July 31, 2024
London Stock Exchange
London
Dear Madam, Sirs,
Sub: Outcome of Board meeting of Tata Steel Limited
The Board of Directors ('Board') of Tata Steel Limited ('Company') at its meeting held today, i.e., Wednesday, July 31, 2024, inter alia, transacted the following business:
1. Financial Results
Approved the Audited Standalone and Unaudited Consolidated Financial Results of the Company for the quarter ended June 30, 2024.
The financial information as required to be provided in terms of Regulation 52 of the Securities and Exchange Board of India (Listing Obligations and Disclosure Requirements) Regulations, 2015 ('SEBI Listing Regulations') forms part of the Financial Results.
A copy of the said Results together with the Auditors' Report thereon for the quarter ended June 30, 2024, is enclosed herewith.
2. Approval of the Scheme of Amalgamation amongst Rujuvalika Investments Limited and Tata Steel Limited and their respective shareholders:
Considered and approved the Scheme of Amalgamation amongst Rujuvalika Investments Limited, a wholly owned subsidiary of the Company (Transferor Company), and Tata Steel Limited (Transferee Company) and their respective shareholders ('Scheme'). The Scheme will be implemented in terms of Section(s) 230 to 232 of the Companies Act, 2013 read with the rules made thereunder, Section 2(1B) of the Income-tax Act, 1961 and other applicable laws, as amended from time to time. The Scheme is subject to the receipt of necessary approvals, permissions and sanctions of regulatory and other statutory or governmental authorities / quasi-judicial authorities, as may be necessary, as per applicable laws.

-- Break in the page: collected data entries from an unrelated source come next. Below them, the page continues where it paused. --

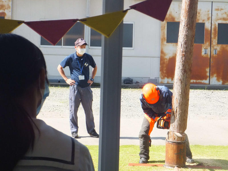 本校環境コースの生徒も演習林におけるスギやヒノキの間伐実習に取り組むことから、ほぼ全員が2年次の夏休みに特別教育を修了しています。
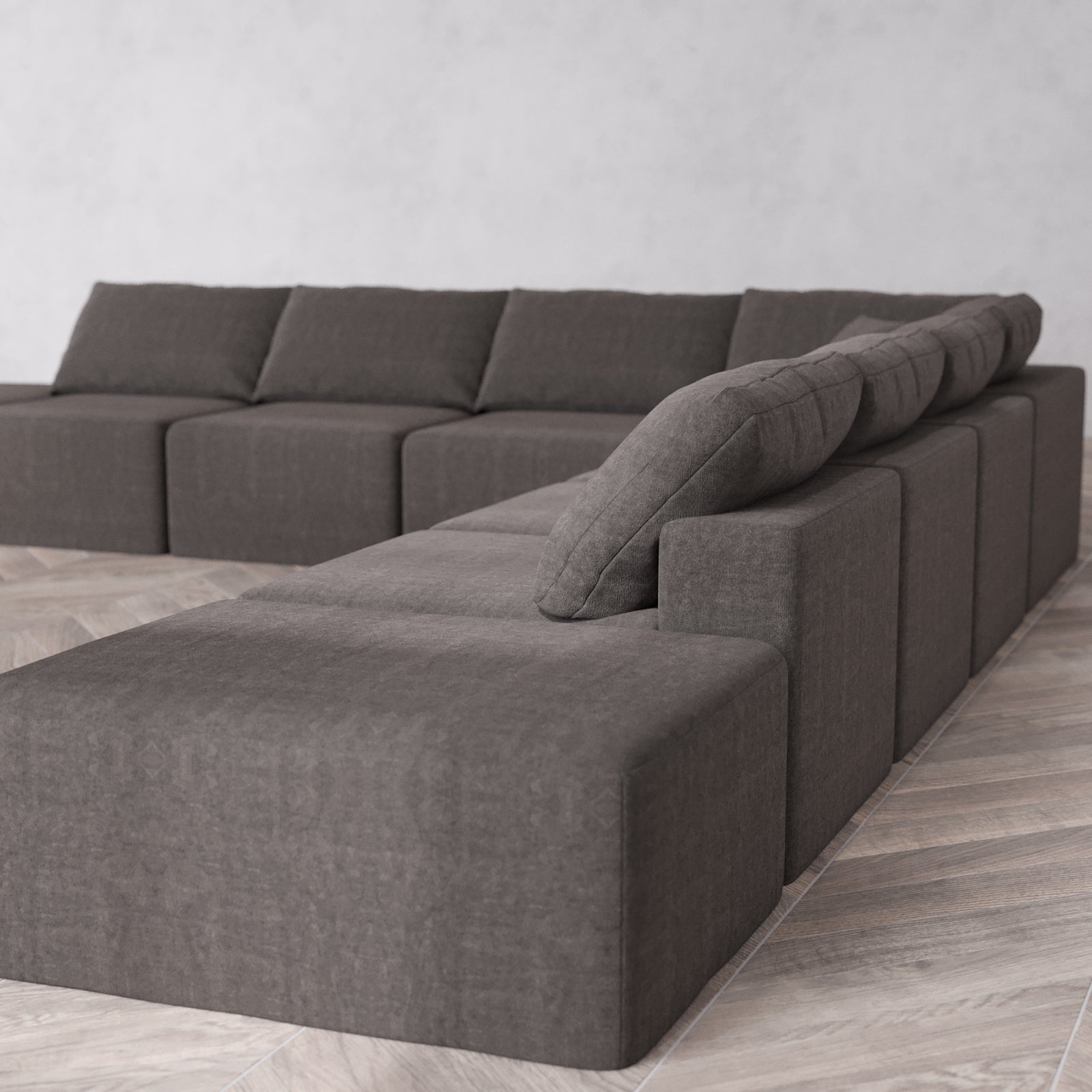 Modular Washable 8-Seater Open-Ends Corner Sectional Cloud Sofa | Heirloom Velvet in Truffle
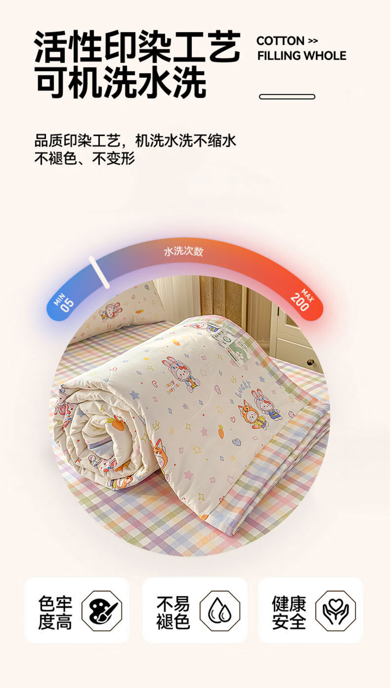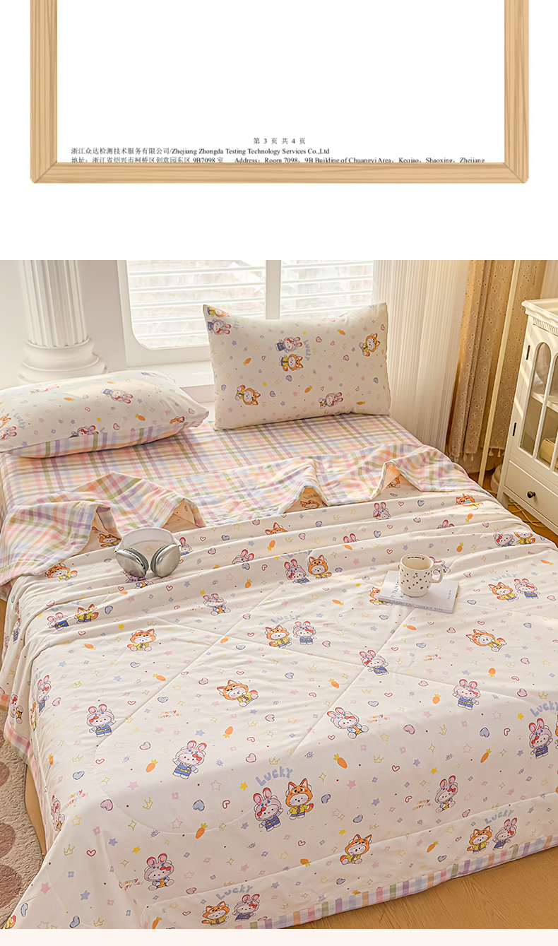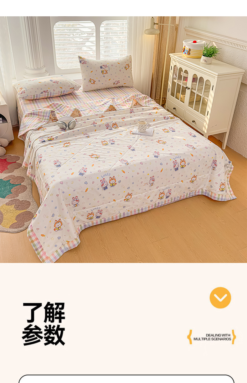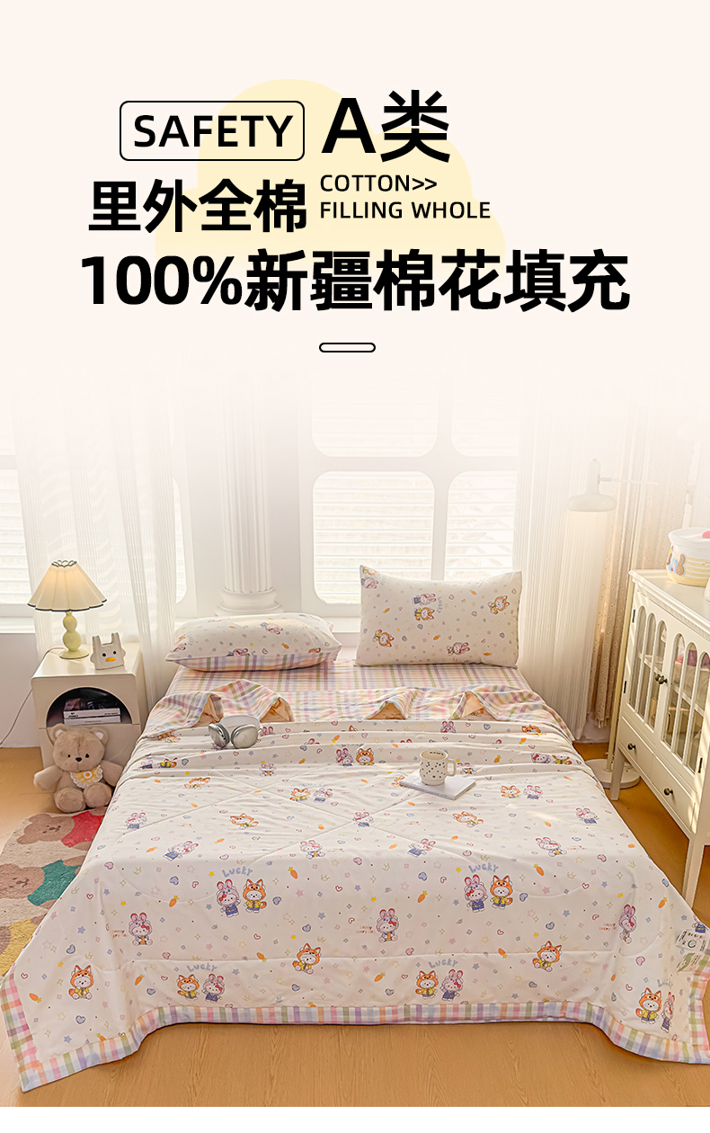 • 91家纺网 家纺一手货源 找家纺 蓝雀翎 2025新款全棉印花新疆棉花夏被 甜蜜小兔
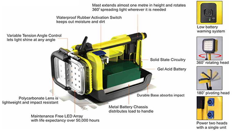 The 9430 is the perfect unit for hard to reach places. At just 10kg, the 9430 is easily transported up stairs or ladders, confined spaces. Its compact size and fully extendable mast with 360 degree rotating lighthead make tight spaces easily accessible. 12v charge port available for additional charging. Solid state high efficiency circuitry withstands rigorous industrial use day in and day out.
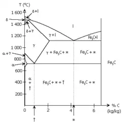 Um diagrama de fases complexas de grande importância tecnológica é o do sistema ferro-carbono de teor de carbono inferior a 7% (ver aço).
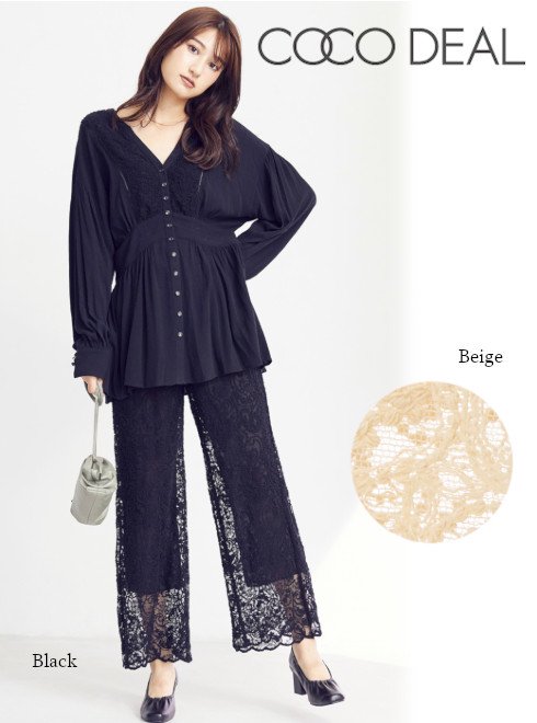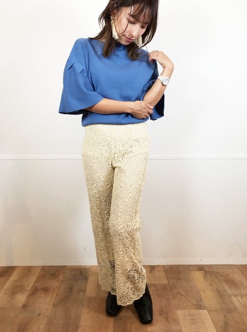 繊細なエンブロイダリーが女性らしいレースパンツ

Pursuant to Regulation 30 of SEBI Listing Regulations, details in respect of the Scheme are enclosed herewith as Annexure-1.
3. Acquisition of 26% equity stake in TP Parivart Ltd
Considered and approved to infuse in one or more tranches, an amount up to ₹35 crore and execute a Share Purchase & Shareholders' Agreement ('SPSA') with Tata Power Renewable Energy Ltd. ('TPREL') and its wholly owned subsidiary TP Parivart Ltd ('TPPL'), to acquire and hold 26% equity stake in TPPL.
Pursuant to the approval of the Board, the Company has today executed the SPSA with TPREL pursuant to which the Company is for acquiring 13,000 equity shares (26% equity stake) aggregating to ₹1,30,000.
In terms of the Regulation 30 of the SEBI Listing Regulations, details of the said acquisition are enclosed herewith as Annexure-2.
4. Infusion of funds for subscription to equity shares of Neelachal Ispat Nigam Limited
Considered and approved the proposal to infuse funds, in one or more tranches, up to ₹6,000 crore, by way of subscription to equity shares of Neelachal Ispat Nigam Limited ('NINL'), subsidiary of the Company, during FY 2024-25.
Pursuant to Regulation 30 of the SEBI Listing Regulations, details in respect of the proposed fund infusion are enclosed herewith as Annexure-3.
5. Fixing of Record date for payment of cash consideration to eligible equity shareholders of Angul Energy Limited pursuant to the approved and sanctioned Scheme of Amalgamation amongst Tata Steel Limited and Angul Energy Limited and their respective shareholders
In terms of the Scheme of Amalgamation amongst Tata Steel Limited ('Tata Steel') i.e. Transferee Company and Angul Energy Limited ('AEL') i.e. Transferor Company and their respective shareholders ('AEL Scheme'), as approved and sanctioned by the Hon'ble National Company Law Tribunal ('Hon'ble NCLT'), Mumbai Bench vide its Order dated July 3, 2024 and by the Hon'ble NCLT, Delhi Bench vide its Order dated April 18, 2024, under the provisions of Sections 230 to 232 and other applicable provisions, if any, of the Companies Act, 2013 read with the Rules framed thereunder, Tata Steel Limited will pay a cash consideration of ₹1,045/- each, for every 1 fully paid-up ordinary equity share of AEL of face value ₹10/- each, to those shareholders of AEL (except the Transferee Company), whose names appear in the Register of Members as on the Record Date to be mutually fixed by the Board of Directors of the Transferee Company as well as AEL.
For aforesaid purpose, in accordance with the terms of the AEL Scheme, Friday, August 9, 2024, has been fixed as the Record Date to determine the eligible shareholders of AEL who will receive the cash compensation as per the terms of the AEL Scheme.
The Board meeting commenced at 2:00 p.m. (IST) and concluded at 6:00 p.m. (IST)
Further, please find enclosed herewith the Press Release, Investor Presentation to be made to Analysts/ Investors and update on material litigation of Tata Steel Limited.
The above disclosures are available on the website of the Company at www.tatasteel.com
These disclosures are being made pursuant to Regulation 30, 52, Schedule III and other applicable provisions of the SEBI Listing Regulations.
This is for your information and records.